In this work, we were able to show that the network can be trained using arbitrary Cartesian undersampling masks of fixed sampling rate rather than selecting a fixed number of undersampling masks for training and testing. In addition, we were able to pre-train the network on various undersampling rates before fine-tuning the network. This suggests that the network was capable of learning a generic strategy to de-alias the images. A further investigation should consider how tolerant the network is for different undersampling patterns such as radial and spiral trajectories.
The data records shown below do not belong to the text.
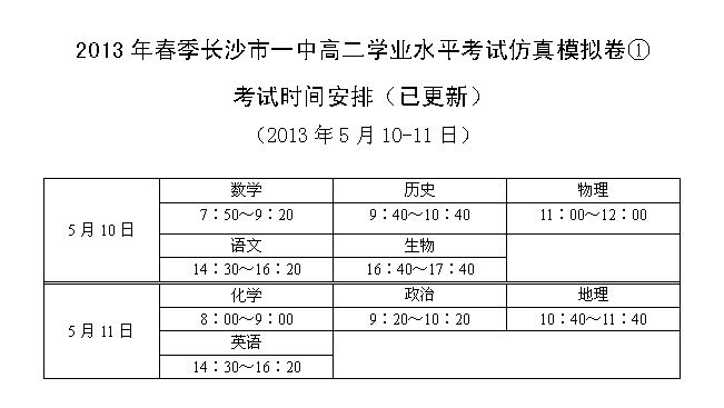 下一篇:2013年春季長沙市一中高二學業水平考試仿真模擬卷②考試時間安排(2013.05.31-06.02)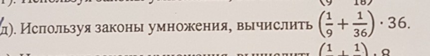 (1/9+1/36) *36=1/9 домнажаем на 4. 1/9 следовательно получается 4/36 далее 4/36+1/36=5/36*36/1=5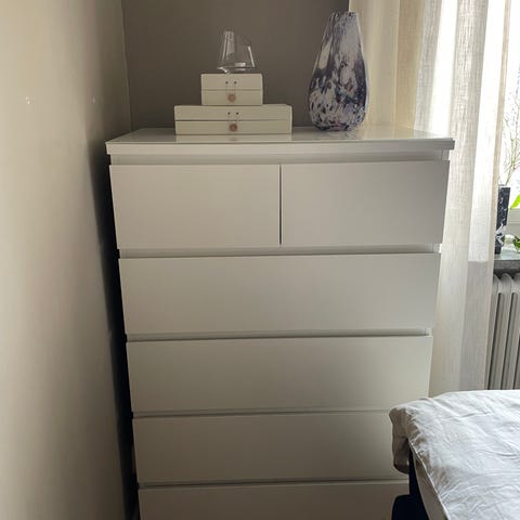 Vit byrå Malm 6 lådor från Ikea. Med glasskiva som går att ta av.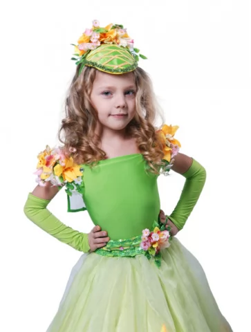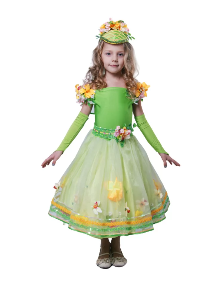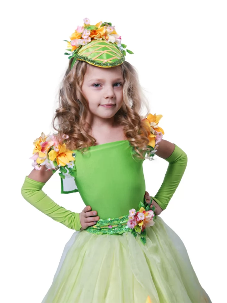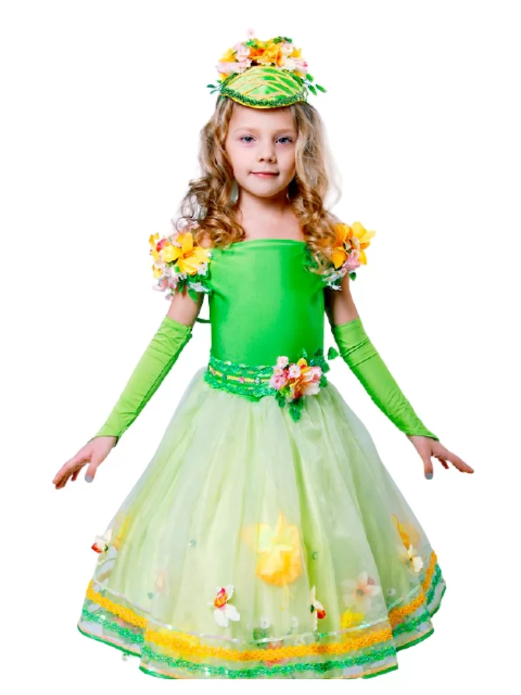 Ніжний казковий образ водяної квітки, що розквітає серед світла, зелені та прозорої роси. Цей витончений костюм поєднує свіжість весняної природи та чарівну легкість водяної лілії. Світло-зелений ліф гармонійно переходить у фатінову спідницю з квітковими аплікаціями, створюючи ефект пелюсток, що колишуться на воді. Квіткові декорації на плечах і головному уборі надають образу об’ємності й святковості. Чудовий варіант для оренди карнавальних костюмів на ранки, вистави та фотосесії у стилі природи.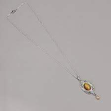 Tigers Eye Necklace Cabochon Openwork Silver Tone …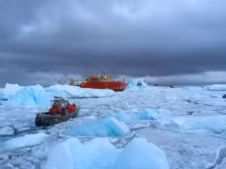 El equipo de investigación viaja desde la estación Palmer hasta el barco de investigación RV L.M. Gould antes de un viaje de pesca de una semana en el Océano Austral.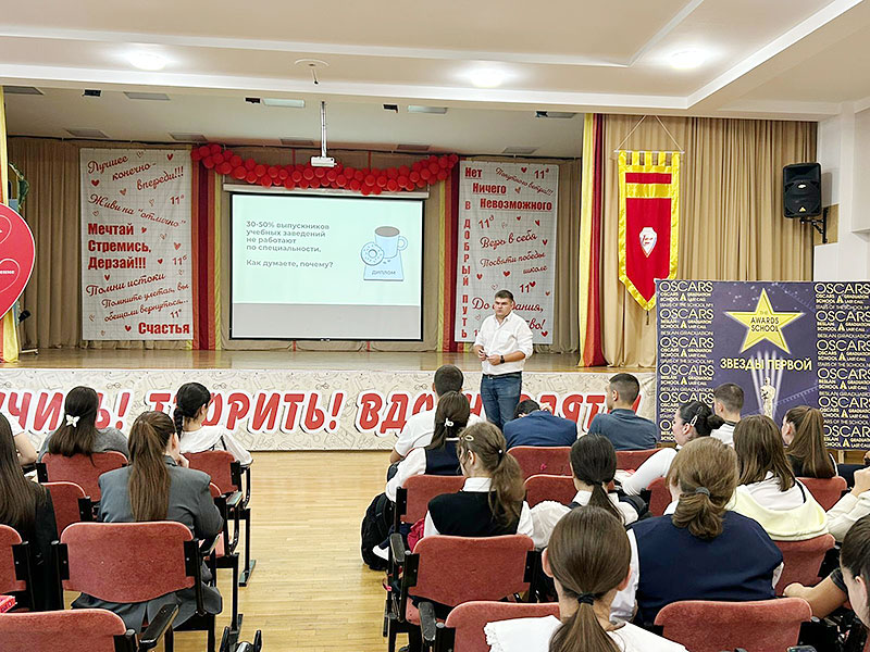 На занятии старшеклассники смогли не только задать вопросы о выборе профессии, совмещении гуманитарных и технических наук, возможностях дальнейшего обучения и карьерного роста в ИТ, но и пройти специальный тест по определению профессиональных склонностей на основе личностных качеств.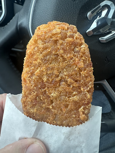 There is no golden with this hash brown. 15 minute wait to place my order. I come by every Thursday morning to pick up breakfast for my customer. I order the same thing every time I do not expect them to remember me or know what I ordered or remember hey this is that guy. Asked for the same thing every time. When the total came up, I realize it was a lot cheaper so I said hey, did you get, the three sausage egg Mc griddles. No answer so I pulled onto and waited. Got to the window and asked the person. Hey did you get my three sausage egg? Mc griddles with guy is always nice and he looked at me like I was crazy. He said they’re on there. I said OK just checking just wondering why it was so cheap this time . No reply gave me my change when I pulled up to the window. The over rushed person at the window handed me my stuff and I was on my way. I know they’re busy. They’re probably understaffed that is fault of management and if management is reading this, you’re terrible at management . There was no egg on my Mc griddle. And my receipt showed buy one get one for one dollar . So that’s where the less expensive receipt came from. Plus, there was no egg on my sausage egg and cheese Mc griddle. No egg on three of them. The hash brown was horrible. The picture makes it a lot brighter than it looks because it was dark and overcooked and hard as a rock just like the biscuit on my sausage biscuit with egg that they put cheese on that I didn’t ask for. And by the way, like a lot of people think, the two lane drive-through might make things easier and faster for McDonald’s, but it makes most of us mad because most of us don’t know how to take turns. We are already in a rush to get where we’re going so we stopped for fast food and when the fast food is not fast and there’s congestion because of the dual Drive-through, it just adds to the turmoil of the day. Sorry if I This rubs anyone the wrong way I got rubbed the wrong way...

As these trajectories provide different properties of aliasing artefacts, a further validation is appropriate to determine the flexibility of our approach. However, radial sampling naturally fits well with the data sharing framework and therefore can be expected to push the performance of the network further. The data sharing approach may also make it feasible to adopt regular undersampling patterns which are intrinsically more efficient. Another interesting direction would be to jointly optimise the undersampling mask using the learning framework.

To conclude, although CNNs can only learn local representations which should not affect global structure, it remains to be determined how the CNN approach operates when there is a pathology present in images, or other more variable content. We have performed a cross-validation study to ensure that the network can handle unseen data acquired through the same acquisition protocol. Generalisation properties must be evaluated carefully on a larger dataset. However, CNNs are flexible in a way such that one can incorporate application specific priors to their objective functions to allocate more importance to preserving features of interest in the reconstruction, provided that such expert knowledge is available at training time. For example, analysis of cardiac images in clinical settings often employs segmentation and/or registration. Multi-task learning is a promising approach to further improve the utility of CNN-based MR reconstructions.